Task description = Setting pictures aside, output exactly the lines from the start of the records to the line with "Centrist opinion column", that line included.
Segment Open
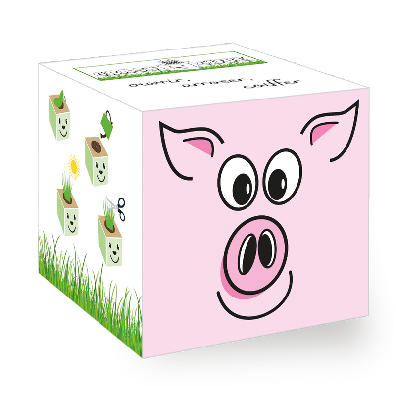Grass Cube contient des granulés de fibres de noix de coco, des granulés d'argile, un gobelet de culture biodégradable et des semences de plantes
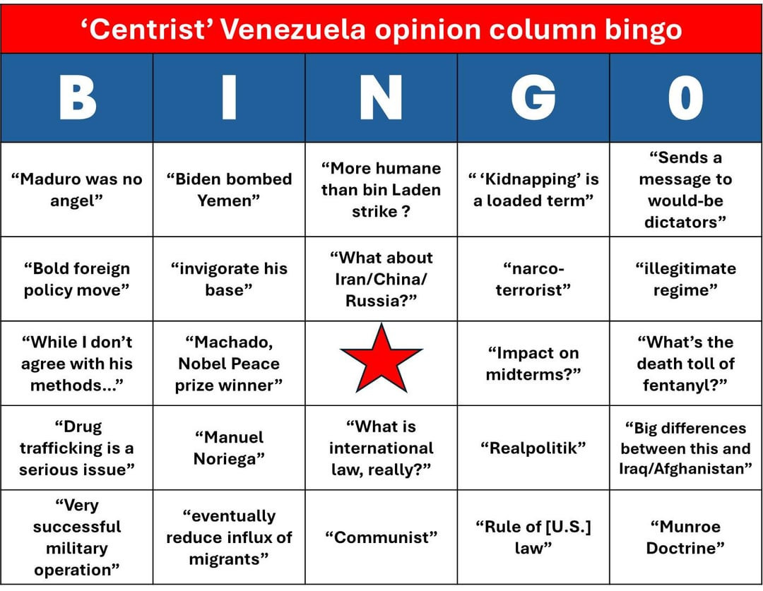 Centrist opinion column bingo: Venezuela edition (Original Post) AStern Jan 3 OP
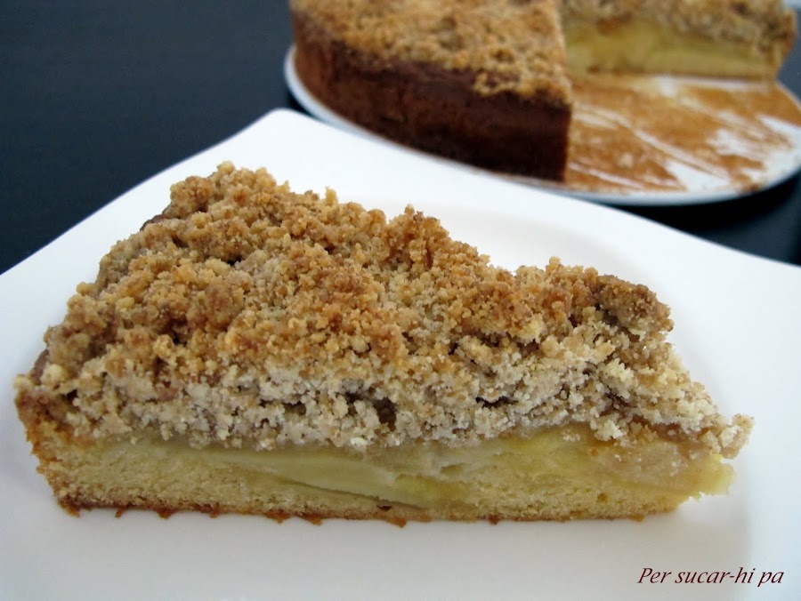 En la versión que os presentamos hemos elegido un bizcocho con relleno de manzana y almendra en la cobertura. Es curioso, y agradable, el contraste de texturas del interior, más húmedo y jugoso, y el efecto seco y crocante del streusel.
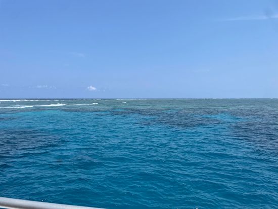 10月のケアンズは晴れが多いとの予想通り、快晴の日が続いていました。グリーンアイランドは初めてでしたが、今回行って良かったです。ベルトラさんで予約して印刷したコピーを当日リーフターミナルのカウンターに出してチケットをもらいます。島への高速船は、思ったより快適で晴れていれば外のデッキ席が景色が良く楽しいです。2階席はスピード感がすごく感じられ、帽子などが飛ばないように体が持って行かれないようにみんなしがみついているのが笑えました。
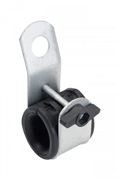 Зажим PS470 4x70 мм2 устанавливается на вертикальные штыри опор или специальные кронштейны с резьбой М22. Шарнирный механизм позволяет свободно поворачивать кабель при изменении направления трассы, снижая напряжение в точках изгиба. Для монтажа достаточно затянуть гайку до упора - контроль момента не требуется. Убедитесь, что диаметр штыря соответствует резьбе М22, и проверьте целостность изоляции провода перед установкой.
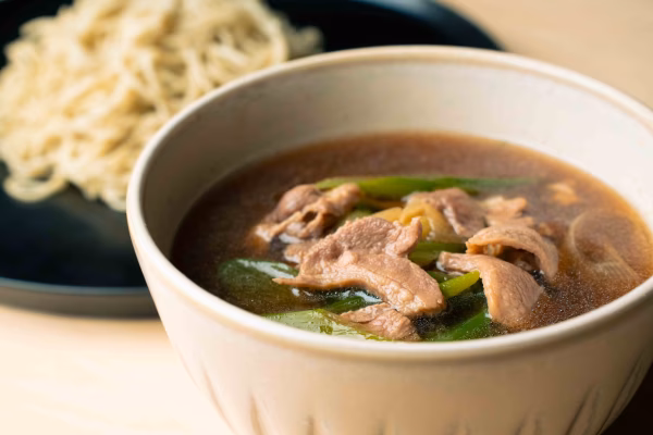 かすみ鴨の旨味たっぷり溶け込んだつけ汁と常陸秋そばのセットです。
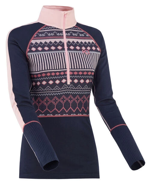The Kari Traa Perle Half-Zip is a mixed-blend women’s baselayer top with a bold jacquard-knit design on the chest. The quick-drying fabric wicks moisture away from your body when things heat up. The slim cut, ribbed forearm and solid-color raglan sleeves add to the look and make it great for wearing under other layers. This all-season favorite is also great for mix-and-matching with the Perle Pant styles. FIT: Slim silhouette, raglan sleeves, high collar
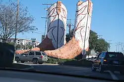 In 1980, a pair of 40-foot (12 m)-tall cowboy boots, a sculpture by the late artist Bob "Daddy-O" Wade entitled 'The Giant Justins' was installed on the I-410 frontage road. The mall promotes the sculpture, created for the Washington Project for the Arts in 1979, as the "world's largest pair of cowboy boots." In 2020, the sculpture remained intact and celebrated the fortieth anniversary of its installation at the mall.[2]
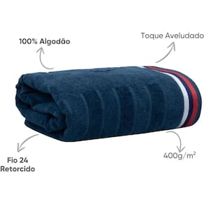 Ficha Técnica: - Nome do Produto: Toalhão de Praia Beach - Tamanho: 78cm x 1,50m; - Gramatura: 400g/m²; - Material: 100% Algodão (Exceto Barra Decorativa); - Peso Líquido: 0,468 kg; - Peso Bruto: 0,55 kg; - Dimensão Embalagem: 5cm x 25cm x 36cm; - Tumbler Extra Maciez; - Toque Aveludado;
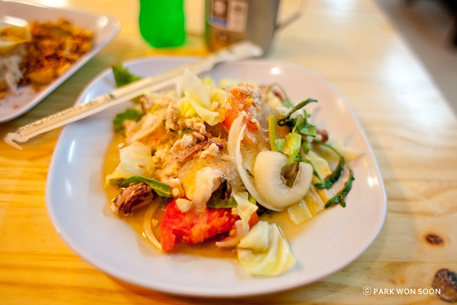 어제저녁을 먹은 곳이 정말 맛있어서 다시 ㄱㄱ 다른 메뉴를 2개를 시켜봤다. 일단 얌운센~ 그리고 마늘 치킨 밥 ㅋㅋ 얌운센은 역시 치앙마이가 더 맛있었고, 마늘 치킨밥은 맛있었다. 배 터지게 잘 먹고, 숙소 일찍 와서 사진 정리하고 잘 잤다.
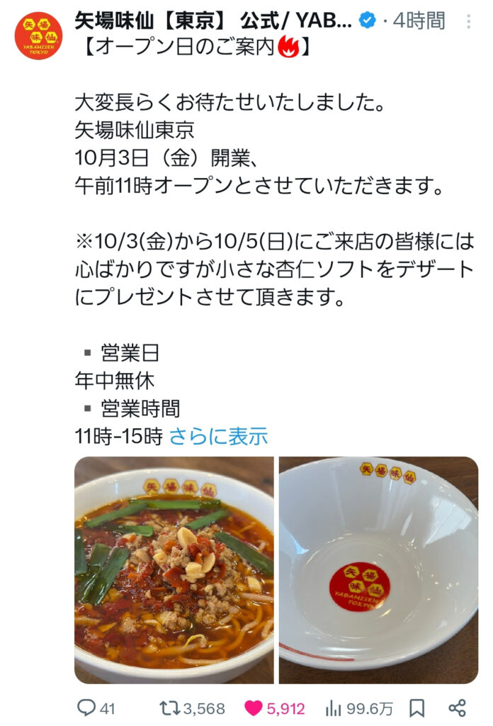 渋谷駅(井の頭線・JR東ほか)徒歩約5分の場所に2025年10月3日(金)、名古屋で人気の台湾料理店「矢場味仙(やばみせん)東京」がオープン予定です。名古屋名物 台湾ラーメン発祥・味仙の直系「矢場味仙」が、渋谷道玄坂で東京進出を果たします。
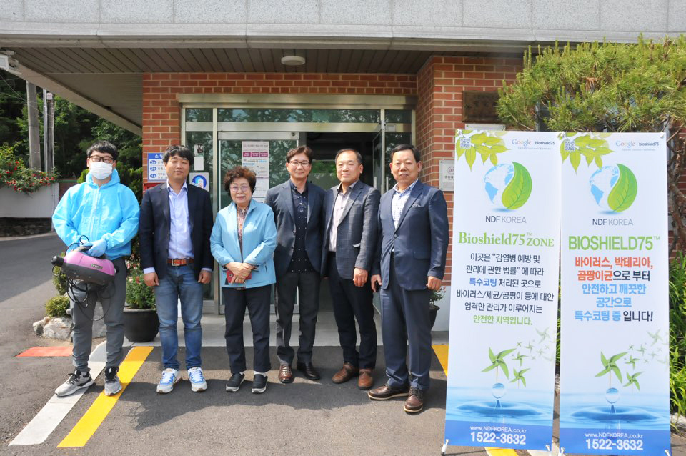 ㈜NDF KOREA는 바이러스, 세균, 곰팡이에 대한 감염 케어 전문 특수코팅업체로, 바이오마스크와 바이오쉴드75 표면항균코팅제를 출시해 각광을 받고 있다. 이 표면항균코팅제는 표면에 존재하는 박테리아, 바이러스, 세균 및 곰팡이 등의 광범위한 미생물에 대해 물리적인 원리로 살균작용을 한다. 뽀족한 칼 모양의 양전하를 띤 나노 크기의 분자가 음전하를 띤 미생물을 전기적으로 끌어당겨 관통시키고 감전을 시켜 사멸시키는 것으로, 미국 환경보호청(EPA), 미국 농림부(USDA), 뉴질랜드 식약청(MPI), 할랄 인증을 받은 제품을 사용한다.
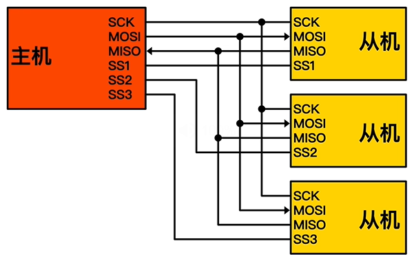 - 没有寻址机制,只能靠设备片选 (chip select) 选择不同从设备
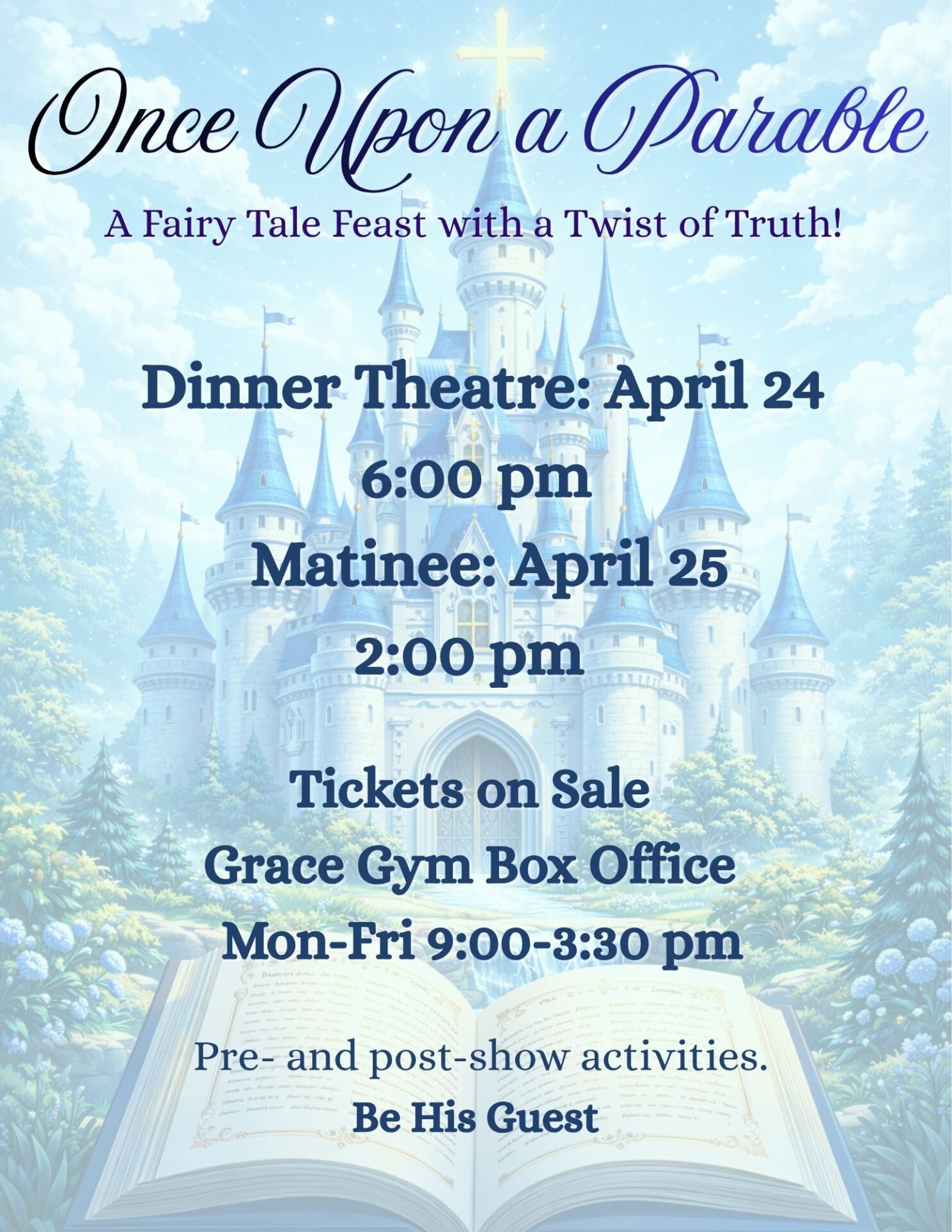 Agape Christian School’s Drama Club will be hosting their production entitled, “Once Upon a Parable” on April 24-25, 2026. The dinner theatre is scheduled for April 24, 2026, at 6:00 p.m., and the matinee is scheduled for April 25, 2026, at 2:00 p.m.
Segment Closed
Result of this exercise =
Grass Cube contient des granulés de fibres de noix de coco, des granulés d'argile, un gobelet de culture biodégradable et des semences de plantes
 Centrist opinion column bingo: Venezuela edition (Original Post) AStern Jan 3 OP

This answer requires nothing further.